EM: type II pneumocyte with lamellar bodies
Note the concentric, lamellar bodies in the cytosol. These contain surfactant. The type II pneumocyte is also the repair cell of the lungs. When destroyed, as in RDS and ARDS, they contribute to the formation of hyaline membranes in both conditions.
Gram stain of sputum with Streptococcus pneumoniae
Note the gram positive, lancet shaped diplococci. S. pneumoniae is the MCC of typical, community acquired pneumonia and is treated with penicillin G
Lung: bronchopneumonia
Note the yellow white patches scattered throughout the lower lobe. These represent foci of consolidation in a patient with S. pneumoniae bronchopneumonia.
Lung: lobar pneumonia
Note the pale consolidation of the entire upper lobe. This is lobar pneumonia, which is also most commonly caused by S. pneumonia
Chest x-ray: right upper lobe lobar pneumonia
Note the consolidation in the right upper lobe. Grossly, it would have looked like the previous slide.
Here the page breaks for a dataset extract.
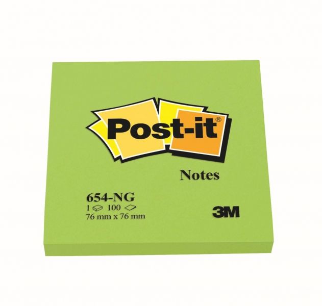 Lističi samolepilni 76x76mm 100 listov Post-it 3M 654NG neon zeleni

Gram stain of sputum in a cardiac transplant patient with pneumonia: Nocardiosis
Note the branched, gram positive, aerobic bacteria within the inflammatory infiltrate. These organisms are partially acid fast, unlike Actinomyces, which is a gram positive strict anaerobe.
X-ray of lateral neck: thumbprint sign of acute epiglottitis due to Hemophilus influenzae
Note the "thumbprint" appearance of the swollen epiglottis. Inspiratory stridor was present in this child.
Cavitary lesion in the right upper lobe: reactivation tuberculosis
Note the cavitary lesion lined by caseous material. The apex has the highest oxygen content, which explains why TB, a strict aerobe, enjoys this location. Cavitation occurs, since the patient has previously been exposed to TB, which causes an intense inflammatory reaction involving T cells and their cytokines.
Acid fast stain in TB
Mycolic acid in the cell wall is responsible for acid-fastness in TB.
Chest x-ray with miliary tuberculosis
Careful observation reveals small densities throughout both lung fields representing miliary spread. This could have been due to a caseous focus extending into a bronchus or into the pulmonary artery.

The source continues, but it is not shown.